A Freedom of Information request by the Guardian reveals that nearly 6,000 BBC staff took an average of £46,200 between March 2005 and February 2012, with the highest-paid member of staff, who the BBC refused to name, receiving £949,000. The same amount was paid to the former deputy director general Mark Byford, who left in June last year.

£66.4m was paid out between March 2011 and February 2012 alone. The redundancies were both compulsory and voluntary. 

A statement from the BBC said: "Since 2005, the BBC has made significant reductions in its headcount as part of overall efficiency savings. While this has necessitated some one-off redundancy costs, this is outweighed by the cumulative savings achieved over this period of £2.7bn."

Delivering Quality First, the BBC's cost-cutting initiative, will lead to several thousand more redundancies. 

3 comments

Andrew Chapman's picture

This is quite a good article.

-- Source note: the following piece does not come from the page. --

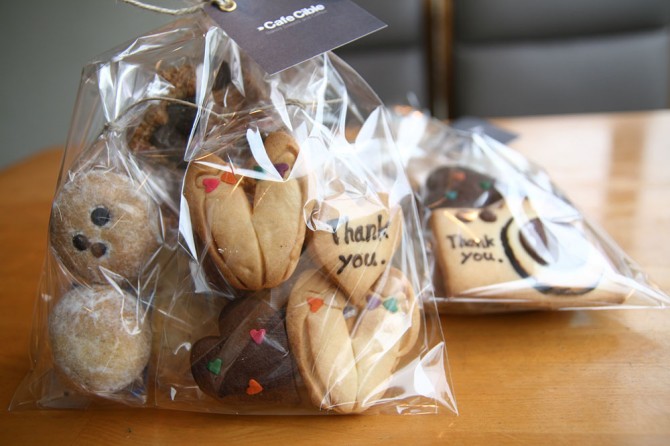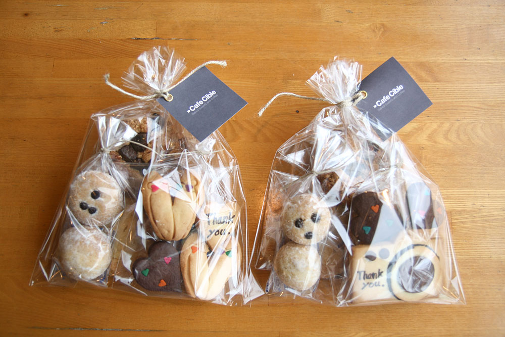 左のはヒールのクッキー、右のはカメラのクッキーが入っています。

Many new questions emerge to the surface, all you need do is to read further information about the issues. Only then one can form a final view on a particular subject. Otherwise everything is seen only in the dimension of cum more black and white. The natural logic of evaluating things before vstavane skrine they were properly cognitively processed is a horrible mistake, made by those less intelligent. People should not throw away their common slovakia sense easily. Anything and everything deserves appropriate time for making judgements.

Barrie J's picture

It is impossible to have any confidence in any of the BBC's operations.
It's programme output is turgid crap and it's news coverage puerile.
The licence fee is theft.

Indu Pendent's picture

One of the benefits of working for a highly unionised business is increased payouts on termination. But society are large is penalised for it. (Unions 1, Rest of society 0)

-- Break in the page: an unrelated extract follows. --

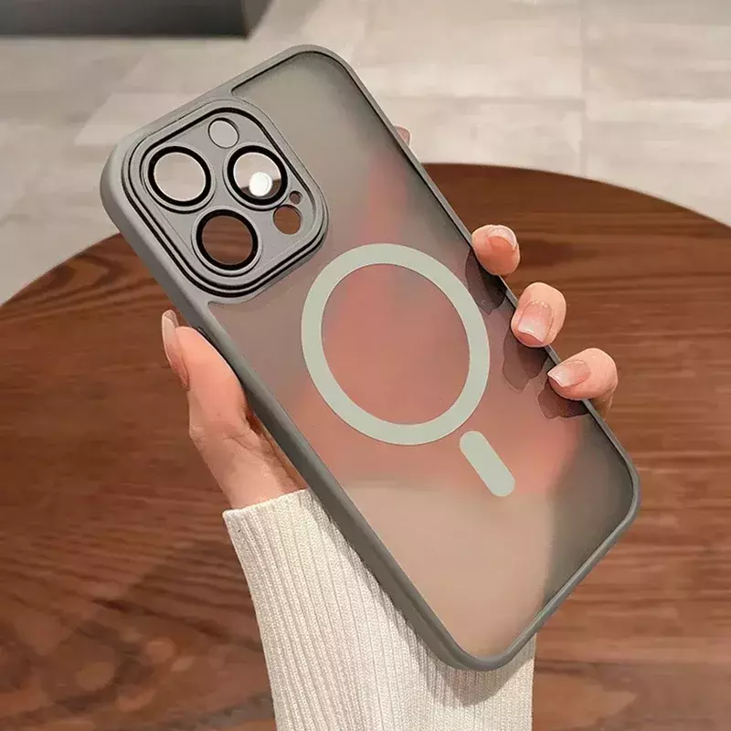 A capa de luxo magnético fosca translúcida é projetada para manter a elegância e a leveza do seu iPhone. Com um design fino e leve, ela se encaixa perfeitamente no seu dispositivo sem adicionar volume desnecessário, garantindo proteção eficiente sem comprometer a praticidade de uso no dia a dia.

£46k average is an obscene joke. The going rate even back then for volunatary terminations is = pay in leiu of notice + notice pay as compensation + statutory redundancy + employers enhancement (typically 1 to 4 weeks pay for each year of service). So someone on 1 months notice @ £25k average and 8 years service should have been getting about £10k to £15k. So where does the BBC's £46k licence fee payers money come from?

This is a very strong argument for breaking up the BBC into specialised areas and allowing more private involvement whilst retaining the independency of its editorial.